Stupid Advice About "Marrying Smart" in New Book
Last week, collegiate women everywhere were offered some advice that seemed to be sent via mimeograph directly from 1955. Author Susan Patton, who dubs herself "The Princeton Mom," released her book Marry Smart: Advice for Finding THE ONE (capitals hers). The book is a self-help guide, if you will, on how to bag a good man early on in life -- when young women are in college. Patton then goes into great detail, based on her own personal experience and that of people she knows, on why this is the best time for such an endeavor.
Some of the advice Patton offers is genuinely sound: Look for good boys because they make good men; don't date married men; if he cheats with you, he'll cheat on you. All of this is fair. The book is broken into parts based on age, college years, twenties, thirties and the differences in finding a "mate" (God, I hate that word) through these times in a woman's life. And despite what we want to say, finding a guy in your twenties is significantly different from finding one when you are 30. But very quickly, Patton's advice turns into a bad episode of The Donna Reed Show, except even Donna Reed wouldn't put herself down like Patton is suggesting young women everywhere start to do.
The crux of Patton's book is that young college women need to be intelligent and find a man while in school. If finding said man gets in the way of your studies or personal exploration, well, that's just fine by her. You'll have plenty of time to get a career going, but so many smart, capable and, most important, single men will never again surround you at once; the time for snagging one is nigh!
Patton is right on the one hand -- being in college is probably the last time you will be living among a plethora of college-age men, but smart? Capable? College guys? Hey, Susan Patton, when was the last time you were in college? That's right: a long, long time ago.
As someone who married late in life, relatively speaking, I can't disagree more with Patton's advice about finding the right guy in college, in addition to some of Patton's other advice.
"It is particularly off-putting when older women suggest that girls be almost reckless in whom they sleep with before marriage..."
Patton goes on to say that the old adage of kissing a few frogs before you find your prince is terrible advice.
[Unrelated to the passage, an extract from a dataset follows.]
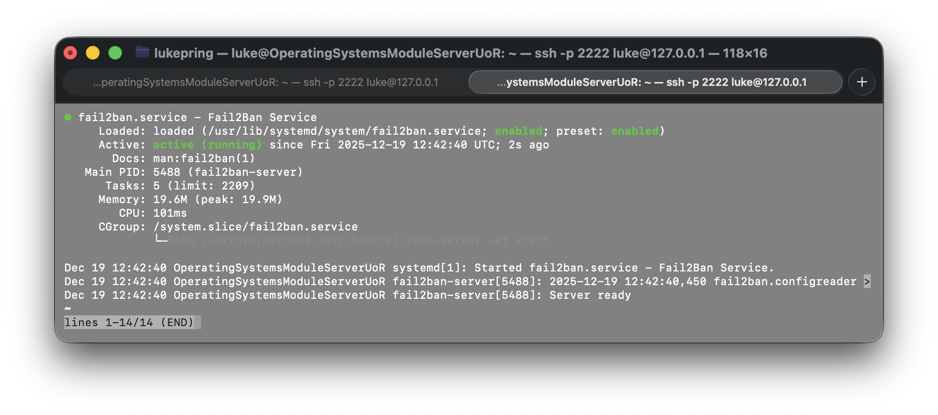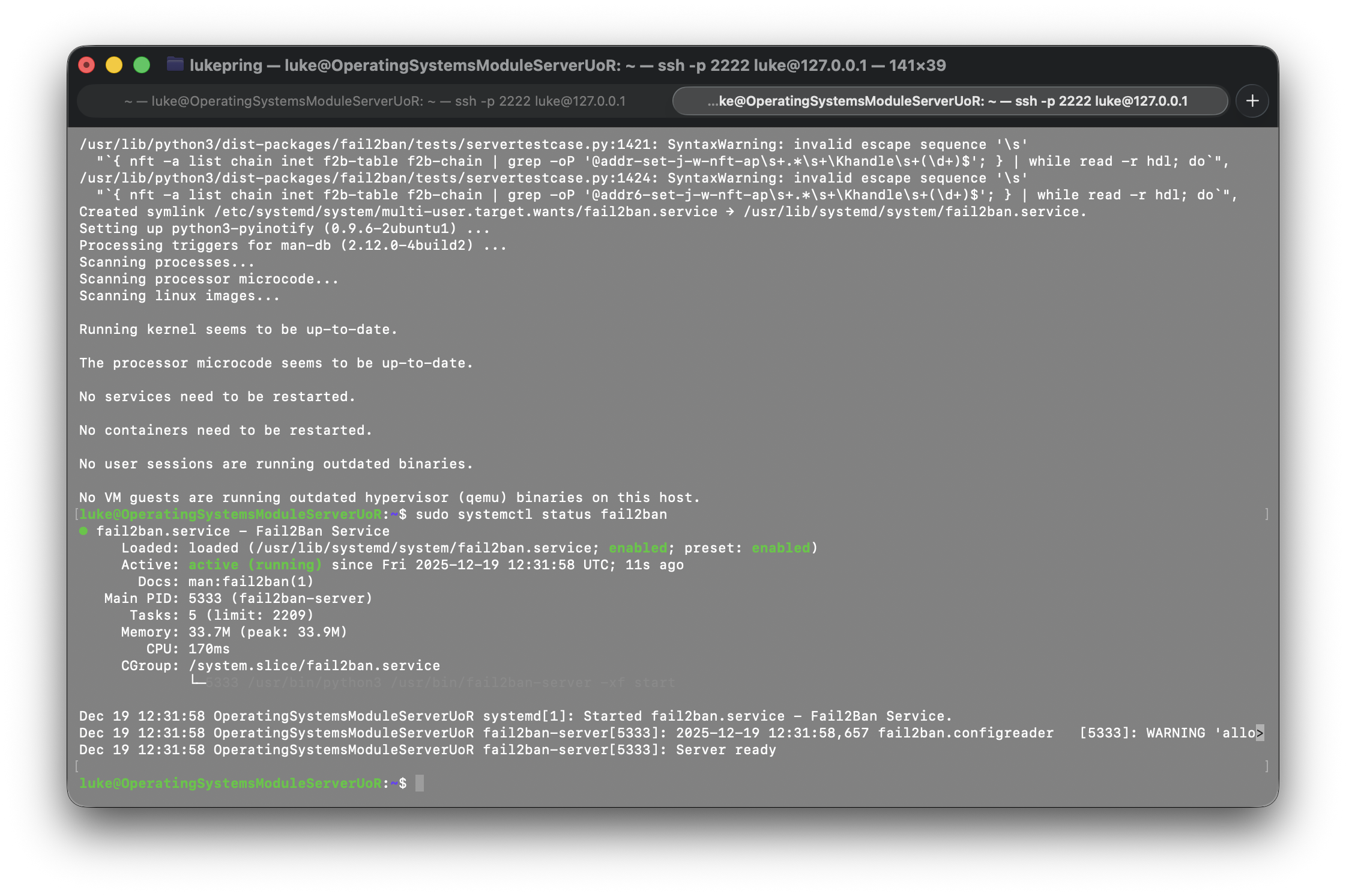 To ensure the service was running, I used the sudo systemctl status fail2ban command. The result

Date the good guys, she cries, and don't waste your time with the bad boys. While I agree that in the end, the good guy is the one you want, how do you know who's good and who's not until you know? You really can't, and it's not even so much about good guys versus bad boys. The way Patton describes the bad ones is that they are riding up to you on motorcycles in black leather jackets, and they cut class and carry switchblades and they all hate their moms. They are evil! But really, most guys aren't so black-and-white.
As someone who has dated enough frogs to start my own arboretum, I can fully attest that none of them seemed that way from the start (well, maybe that one guy). Bad boys are attractive often after the first few dates; that's how they get you! You have so much fun together, and then they don't call. And then they do and yippee! And then they don't again. You get the point.
Knowing is half the battle, and you can't know who's a catch before you know which ones you should have thrown back in the ocean or gutted with your fish hook.
"You'll never be more attractive than you are as a young woman."
It is very true that young women have skin unmarred by wrinkles and smile lines, their hair has a sheen to it that reflects the sun, their bodies have the uncanny ability to bounce back quickly after things like pregnancy and the freshman 15, and they wear attractive yet uncomfortable clothing and never complain abut their boobs hurting or how they wished they wore more sensible shoes out to dinner.